Opportunities for Students
Students selected for summer externships work with a state, federal or local government agency or a public interest group on environmental or land use law issues under the supervision of an attorney and a faculty advisor. Students can receive up to 6 hours of academic credit for an externship.
The Conservation Clinic offers students the opportunity to learn and gain valuable experience while working on compelling conservation challenges. Under the supervision of Director Tom Ankersen, law and graduate students work in teams for clients such as not-for-profit organizations, community organizations, state and local governments, and even international organizations. Students learn to work within interdisciplinary teams to achieve results that require a collaborative effort. Issue-oriented field trips are a staple of the clinic semester.
In recent semesters, Conservation Clinic students have:
- Drafted a model historic preservation ordinance for use by Florida waterfront communities
- Drafted a green building ordinance and a wetlands ordinance for the City of Gainesville, Florida
- Drafted proposed state legislation and the accompanying legal analysis to address degradation of Florida’s springs
- Drafted petitions under the World Heritage Convention to establish a new World Heritage Site in Costa Rica and to designate the Belize Barrier Reef an endangered World Heritage Site
- Drafted a conservation easement for a property owner seeking to ensure that her property remains under conservation in perpetuity
The UF Environmental and Land Use Law Program and Conservation Clinic invite applications for ELUL J.D. Summer fellowships. Fellowships are awarded to J.D. students who either have enrolled in the Conservation Clinic or commit to enroll in it for at least one semester after completion of the fellowship placement.
Thom E. Rumberger Fellows Program
The legacy of one of Florida’s most influential environmental defenders will continue to thrive in the University of Florida Levin College of Law’s new E. Thom Rumberger Everglades Foundation Fellowship Program. The fellowship was established in honor of UF Law alum Thom Rumberger (1932-2011) who devoted much of his career to fighting on behalf of the Florida environment – particularly the Everglades.
The Rumberger scholarship will give students the opportunity to work in public interest areas like Everglades restoration, in order to build a career.
GreenLaw (formerly The Environmental and Land Use Law Society (ELULS)) is one of the most active student groups on campus. Each year, GreenLaw has a program of speakers from practice, hosts social events, and organizes outdoor activities like river clean-ups.

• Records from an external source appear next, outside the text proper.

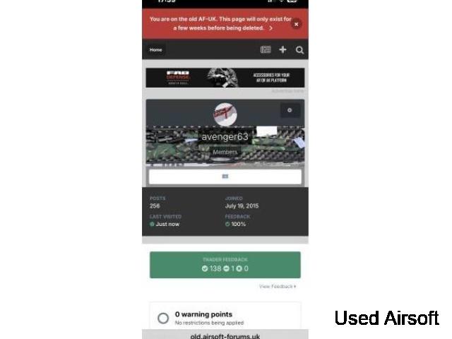 note: USED AIRSOFT "CONTACT SELLER IS DISABLED" YOU NEED TO EMAIL ME OR USE THE CONTACT NUMBER im not a retailer so no refunds, returns or warranties payment by bank transfer, paypal friends & family or cash on collection only However, for your peace of mind here is my airsoft forums uk site, 138 sales 100% feedback. Airsoft forum UK has just updated its system and wiped everyones feedback, so i have lost 10 years worth, their answer was take a picture before its wiped so thats in the advert pics below. I can do a test video once a deposit paid for your piece of mind
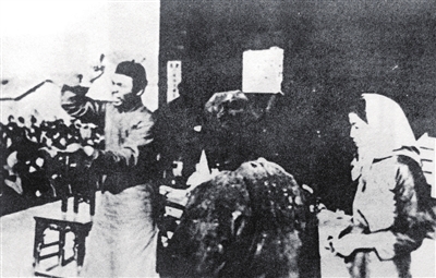 抗敌青年团学员表演街头剧,进行抗日宣传。翻拍自《徐州抗战画史》
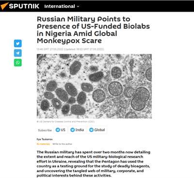 据俄罗斯卫星通讯社27日报道,俄罗斯武装力量辐射、化学和生物防护部队司令伊戈尔·基里洛夫表示,“世界卫生组织的报告显示,猴痘病原体的西非毒株确定起源于尼日利亚,这是境内有美国部署的生物基础设施的又一个国家。据现有消息,在尼日利亚至少有4个美国控制的生物实验室。”

The University of Florida sends teams to the National Environmental Moot Court Competition and the International Environmental Moot Court Competition. Students selected to participate in the UF teams have the chance to brief and argue a case, and to compete against teams from around the country in the annual competition.
A skills emphasis: Costa Rica offers a natural laboratory conservation and development law and policy skills training. Law and graduate students develop their knowledge and skills through an integrated suite of courses that include comparative approaches to complex issues at the intersection of conservation and development; collaborative practicums oriented around issue-based field trips; and service to the conservation and development community.
The Center for Career Development coordinates recruiting activities between students, alumni and employers, and provides law students and alumni with a wide range of career resources including individual career counseling and career education workshops and programs.
“I owe all of you a debt of gratitude for the education I received and experiences I had at UF Law. Without CGR, the Conservation Clinic, the ELUL program, and the professors and staff that work hard to make these programs valuable to students, I wouldn’t have had the internship opportunities I had as a law student and I never would have been hired into my current position. Two key reason I was hired at BSEE are my ELUL certificate and my internships with the federal government (EPA and CFPB), which were only possible because of the efforts of UF faculty.” Allison Fischman (JD 2012)
In the fall 2012 she was hired by the Bureau of Safety and Environmental Enforcement (BSEE) as a presidential management fellow. BSEE is one half of the former Minerals Management Service (and then briefly BOEMRE), with the other half being the Bureau of Ocean Energy Management. I’m working in DC on a variety of enforcement and policy-related projects.